Very nice find... What is the price on the price tag on the cover of the box? Was it from the sixties too or was it the churches tag?


----------



## Hilltop Raceway (Feb 12, 2006)

Congrats Marty!!! That's why I go to yardsales, hoping to find that raceset or old toy that has been put away for so many years. I just imagine you were holding back a big ol, ear to ear grin the whole time!!! Could you feel your heart a pumping just a little bit faster, tell the truth now??? RM


----------



## sethndaddy (Dec 4, 2004)

awesome find Marty. I love that red oil.


----------



## martybauer31 (Jan 27, 2004)

WOW, Awesome score!!!!! I love the note on the paperwork that they were $.05 short! :lol:


----------



## Marty (Oct 20, 1999)

rodstrguy said:


> Very nice find... What is the price on the price tag on the cover of the box? Was it from the sixties too or was it the churches tag?

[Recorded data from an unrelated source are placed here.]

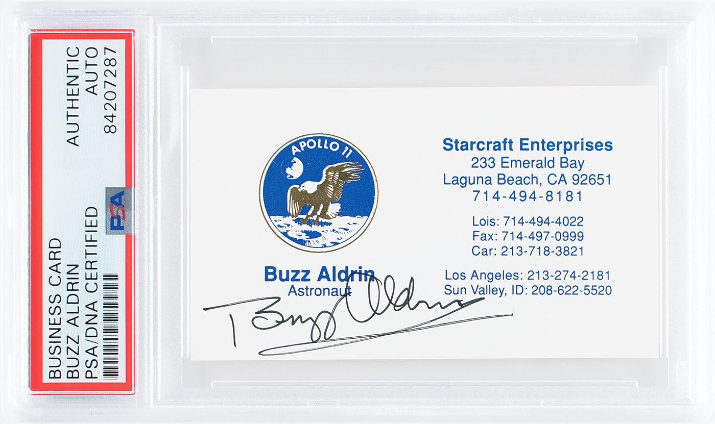 Starcraft Enterprises business card belonging to Buzz Aldrin, 3.5 x 2, with an Apollo 11 insignia and identifying him as "Astronaut," signed in black ink. In fine condition. Encapsulated in a PSA/DNA authentication holder.
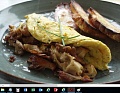 Spotřeba: 4 větší rajčata. 250 g hlívy. 1 vejce, máslo, citrónová šťáva. pepř. sůl. na ozdobu petrželka
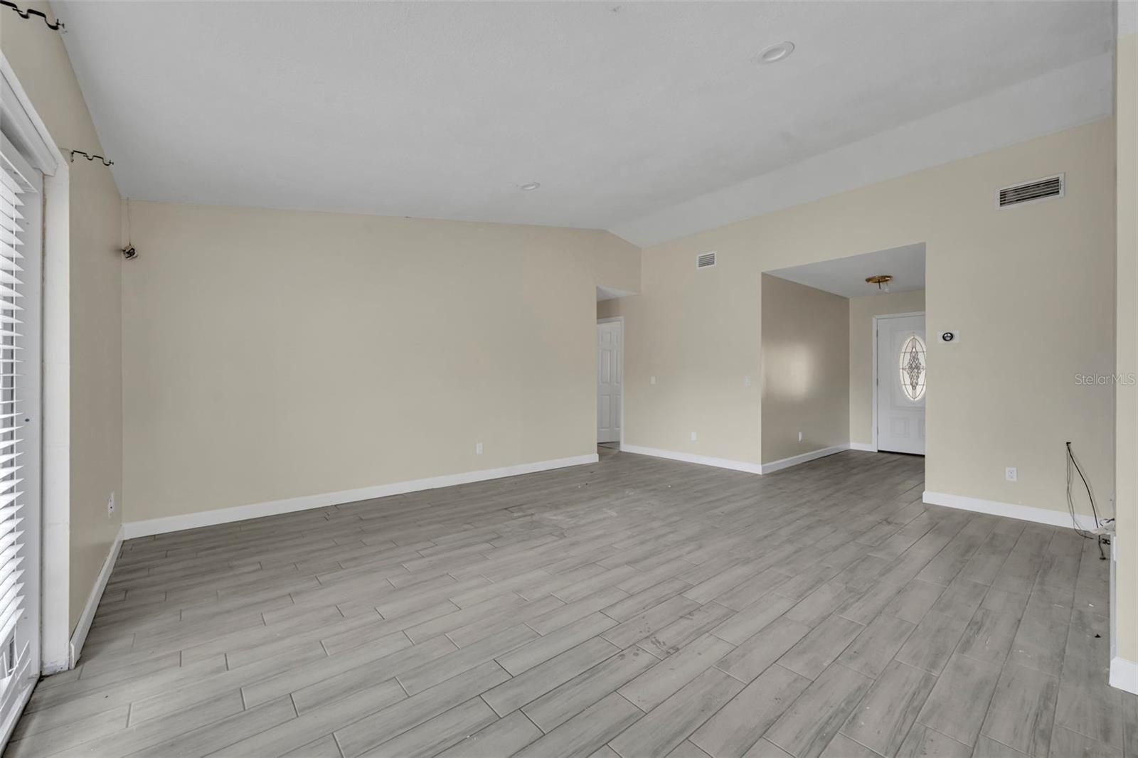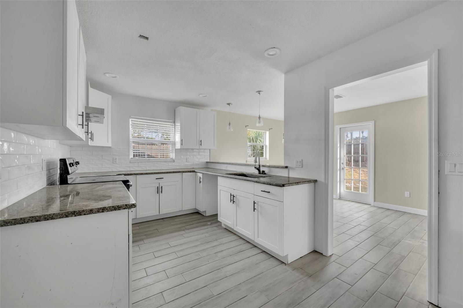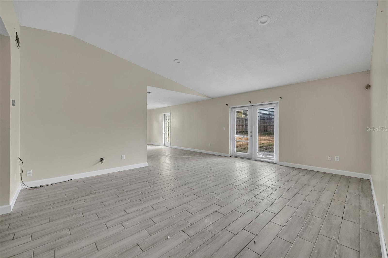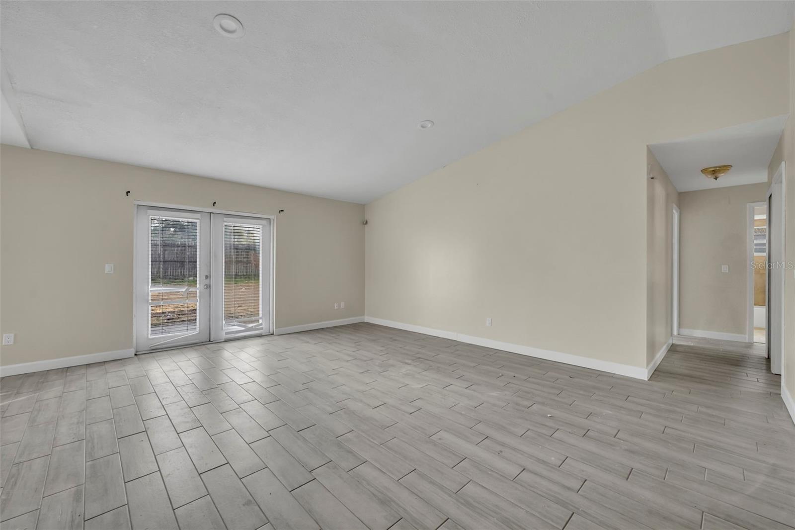 Opportunity awaits in this 3 bedroom, 2 bath home offering 1,399 SF home. Featuring an open layout with neutral tile flooring throughout the main living areas, this home provides a solid foundation for buyers looking to personalize and add value. The kitchen offers white cabinetry, new countertops, subway tile backsplash, and a functional layout overlooking the main living space — a great starting point for your finishing touches. The spacious living and dining areas flow to French doors leading to the backyard, allowing for natural light and indoor-outdoor potential. The primary bedroom offers a comfortable retreat with natural light and a private en suite bath. The bathroom features a nice size walk-in closet, walk-in shower with clean white tile surround, updated vanity, and a window that allows for beautiful natural light. The garage has been converted into additional living space and includes a designated laundry area; however, this conversion is not fully complete and will require finishing work. This property still needs cosmetic updates and finishing touches, making it ideal for investors, renovators, or buyers with the right vision to make it their prefect home!

That is the Church's tag of $2.00.

Marty


----------



## noddaz (Aug 6, 1999)

*Nice*

:thumbsup:

There are treasures still out there...
The hunt continues!

:lol:

Scott


----------



## NTxSlotCars (May 27, 2008)

Neat deal! You got any more pics of the cars and parts?


----------



## win43 (Aug 28, 2006)

You are one lucky bastage.....:thumbsup:


----------



## rodstrguy (Feb 14, 2002)

Thanks Marty, did you check that pile of joiners for your missing magnets??? It looks to be pretty "connected together"...


----------



## SplitPoster (May 16, 2006)

what a cool find! I LOVE old sets, and the grab bag inside the box! The paperwork is a keeper too-I put it all in sleeves in binders and organize by date and variation. Great reference material, and just fun to look through. I get asked every so often for vibe chassis blowups ( posted) and revamatic grandstand instructions, among other things. If you can scan the parts list and invoice it would be cool to have a copy!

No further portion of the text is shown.